Seaworthy

Lisa Franchetti

When Lisa Franchetti (J85) came to Northwestern to study journalism, she enrolled in the Naval Reserve Officer Training Corps as a way of paying for tuition. She assumed that after her required four-year commitment was over she would leave the Navy and become a journalist. Twenty years later, she’s teaching at the U.S. Naval Academy, and she recently completed a nearly two-year tour as commander of the USS Ross, a guided-missile destroyer. “I always said I’d get out as soon as I didn’t like what I was doing,” she says. “But that hasn’t happened yet.”

As captain of the Ross, Franchetti was responsible for an $800 million warship and the lives of a crew of 350. She was one of the few women in the Navy selected to command a ship and one of a smaller number still who command warships. “Being in command was the most challenging, rewarding and inspiring experience I have ever had,” she says. “It is hard to describe what it feels like when you say, ‘I relieve you, sir,’ at your change of command ceremony, and in that instant all responsibility and accountability for the ship and everyone on it is transferred to you.”

Franchetti was well prepared to command.
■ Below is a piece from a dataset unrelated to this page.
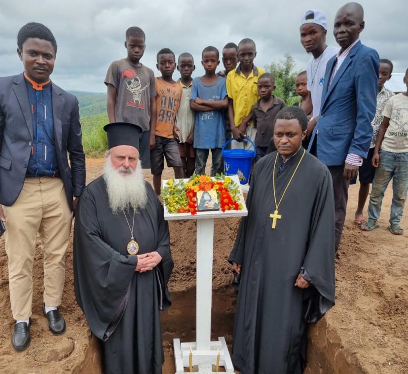Θεμελιώθηκε ο πρώτος ενοριακός Ναός εις τιμήν του νεοφανούς Αγίου Γερασίμου του Υμνογράφου στην πόλη Κέγκε. Ανήμερα της εορτής του Αγίου Γερασίμου του Υμνογράφου ο Μητροπολίτης Κινσάσας κ. Θεοδόσιος. Ο Σεβασμιώτατος διένειμε σε όλους, σταυρούς που απέστειλε ο Καθηγουμένος της Ιεράς Μονής Μεγίστης Βατοπεδίου Γέροντας Εφραίμ.

At 23 she had 75 people working under her, some of them 15 years older. Her assignments during her career gave her experience in all aspects of operating a ship — engineering, operations, combat systems, navigation and administration. When Congress repealed the combat exclusion law in 1994, paving the way for women to serve on combat ships, she was on her way.

Franchetti reflects on the weight of the responsibility of command. “The reality is that 365 days a year, 24 hours a day, every one of us on the ship has to be 100 percent ready to do our mission — in port or under way. And though there were many other people there to help me, the bottom line is that it was my job to make sure we were always ready. We trained constantly to ensure both our equipment and our minds were ready for anything that came our way. Good maintenance, good training and good information going out to keep the crew up to speed were essential to ensure that readiness. It was a tremendous responsibility.” — T.S.